Donald Trump sanata da el attı: Nazi tepkisi

Donald Trump’ın ikinci başkanlık devriyle birlikte sanat ve kültür üzerindeki denetimi sıkılaştırma uğraşları, otoriter rejimlerin tarihî uygulamalarını hatırlatıyor. Ed Simon’un kaleme aldığı yazı, Trump’ın sanata yönelik müdahalelerini, Nazi Almanyası’nın kültürel baskı siyasetleriyle karşılaştırarak, bunun sadece estetik değil, birebir vakitte ideolojik bir savaş olduğunu vurguluyor.
“Donald Trump ‘Dejenere Sanat’ı geri getiriyor” başlıklı yazı şöyle:
Trump idaresi, evvelki periyodunun sonunda dikkatini sanata çevirdi. “Federal Binaları Tekrar Hoş Hale Getir” başlıklı 2020 tarihli bir yürütme buyruğu, tüm gelecekteki projelerin Neoklasik mimari tarzlara uymasını mecburî kılıyordu; bir dizi öbür yürütme buyruğu, ortalarında Barry Goldwater, Douglas MacArthur ve Vince Lombardi’nin de bulunduğu vatanseverce yanlışsız figürlerin zaferci ve klâsik heykellerinin bir ortaya geldiği kelamda “Amerikan Kahramanları Ulusal Bahçesi” ile ilgiliydi.
Bu evvelki buyrukların ikisi de Lider Joe Biden tarafından iptal edildi ve lakin Trump’ın ikinci periyodunda tekrar canlandırıldı. Artık, yeni idare sanatla ilgili devlet kurumları üzerindeki otoritesini rahatsız edici bir biçimde sağlamlaştırıyor.
Örneğin, Ulusal Sanat Vakfı, Çeşitlilik, Eşitlik ve Kapsayıcılık (DEI) ile ilgili olarak yorumlanan her şey için fon sağlamayı ortadan kaldırırken, propaganda emelli “Amerika Birleşik Devletleri’nin yarı beş yüzüncü yılını kutlayan projelere” öncelik verdi.
DEJENERE SANAT
En hudut bozucu olanı, Trump’ın çılgın Truth Social tiradında John F. Kennedy Sahne Sanatları Merkezi’nin idare şurasını tasfiye etmesi, kendisini lider olarak ataması ve birebir toplumsal medya sitesinde “Amerikan Sanat ve Kültürünün ALTIN ÇAĞI” vizyonunu övmesiydi: “ARTIK DRAG ŞOVLARI YAHUT BAŞKA AMERİKAN AKSİSİ PROPAGANDALAR YOK – YALNIZCA EN YETERLİLER. RIC, ŞOV İŞİNE BEĞENİLEN GELDİN!”
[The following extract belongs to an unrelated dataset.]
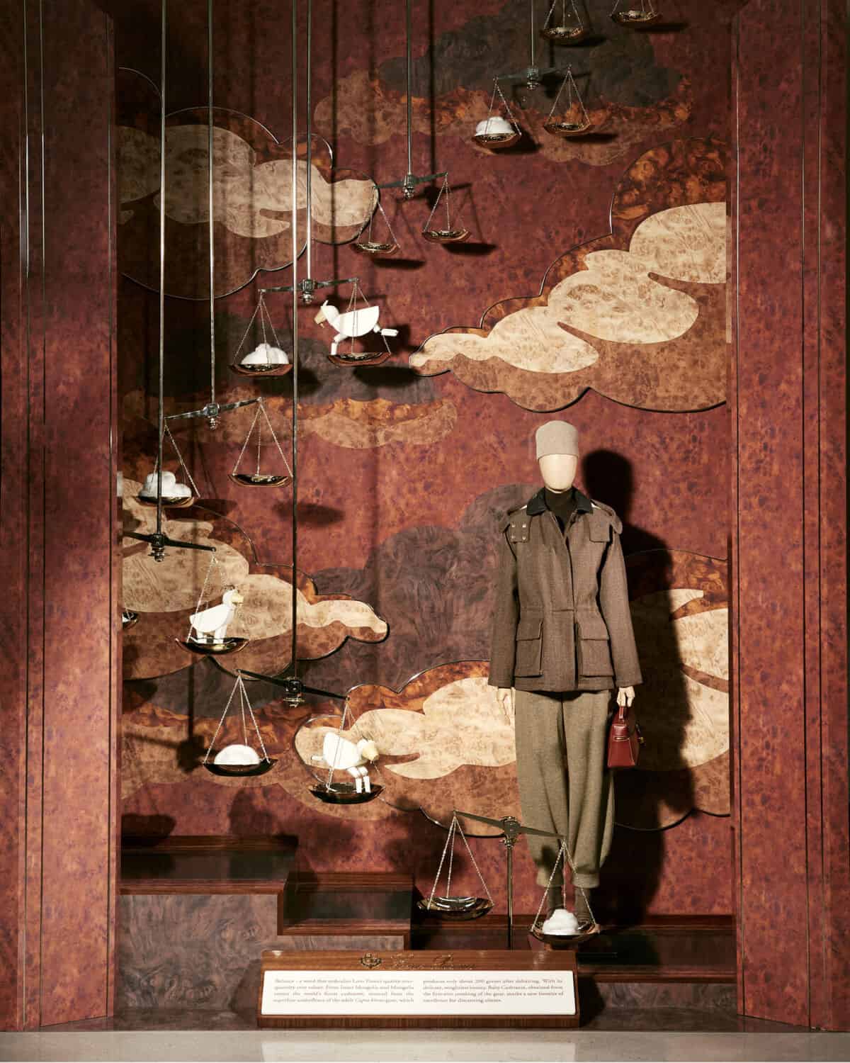 Over on the men’s side, the scenery is equally as clever with one window featuring miniature vintage cars driving along Loro Piana’s signature Suitcase Stripes. Another has eight bales of fiber and are marked with the coat of arms. The third includes a quote from Pier Luigi Loro Piana “Luxury is inextricably linked to quality” woven with a wooden loom against a dark green background. Regardless of which store you enter, expect to shop plenty of exclusive products from a men’s wool overshirt to a leopard print women’s cloche hat to the Grande Unita scarf and Unito blanket, both of which can be personalized.

Trump daha sonraki bir gönderisinde, “Bundan sonra, Kültürel çürümemizin son ögelerine karşı Amansız bir Arınma Savaşı başlatacağız! Amerikan Sanatını Tekrar Hoş Yap!” diye yazdı. Fakat bunu yayınlamadı. Trump’ın itinasız büyük harf kullanımı ve uydurulmuş ikinci cümle yapmacıklığı dışında, bu tabir Adolf Hitler tarafından 18 Temmuz 1937’de Münih’teki Büyük Alman Sanat Standı’nın açılışında yapılan bir konuşmada lisana getirildi.
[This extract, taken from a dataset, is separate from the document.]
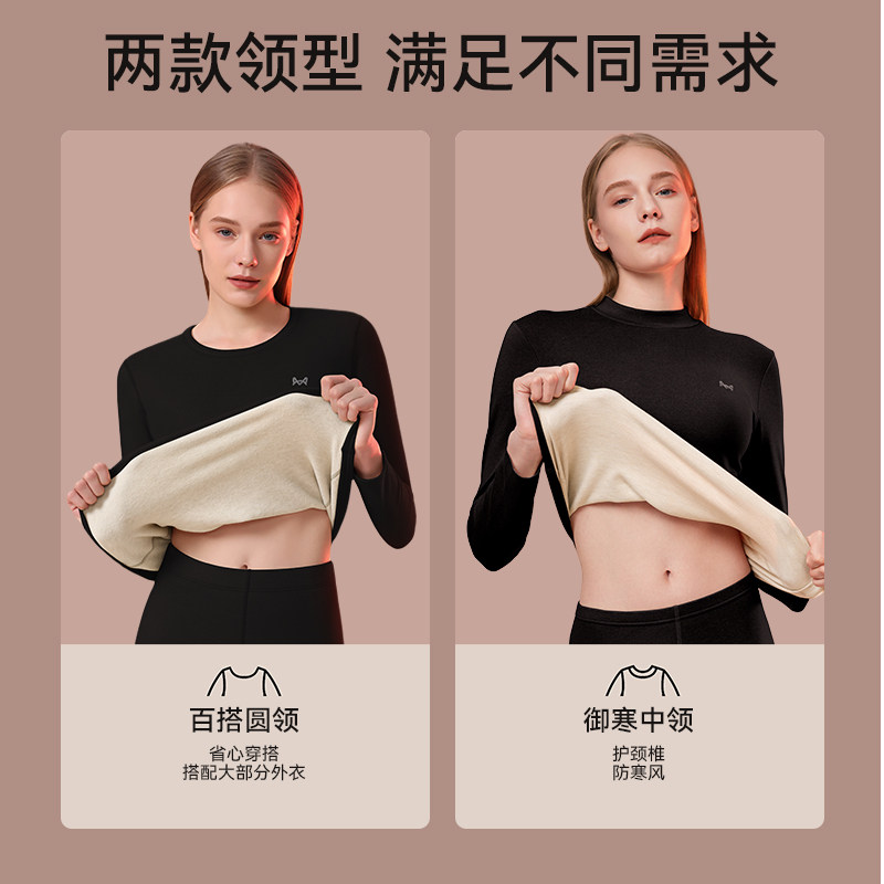猫人羊绒蚕丝保暖内衣套装冬季发热加绒加厚秋衣秋裤内搭打底黑色

Trump ve Hitler’in sanatsal hislerinin (ve diğerlerinin) bu kadar kusursuz bir halde bir ortaya getirilebilmesi kaygıya yer bırakmayacak kadar büyük. Liderimizin faşizminin açık bir soru olduğunu sav edenler hâlâ olsa da — Elon Musk’ın Sieg Hiel’i uygun bir halde açıklanmış — MAGA hareketinin sanata olan yeni ilgisi daha da uğursuz bir dönüşün habercisi.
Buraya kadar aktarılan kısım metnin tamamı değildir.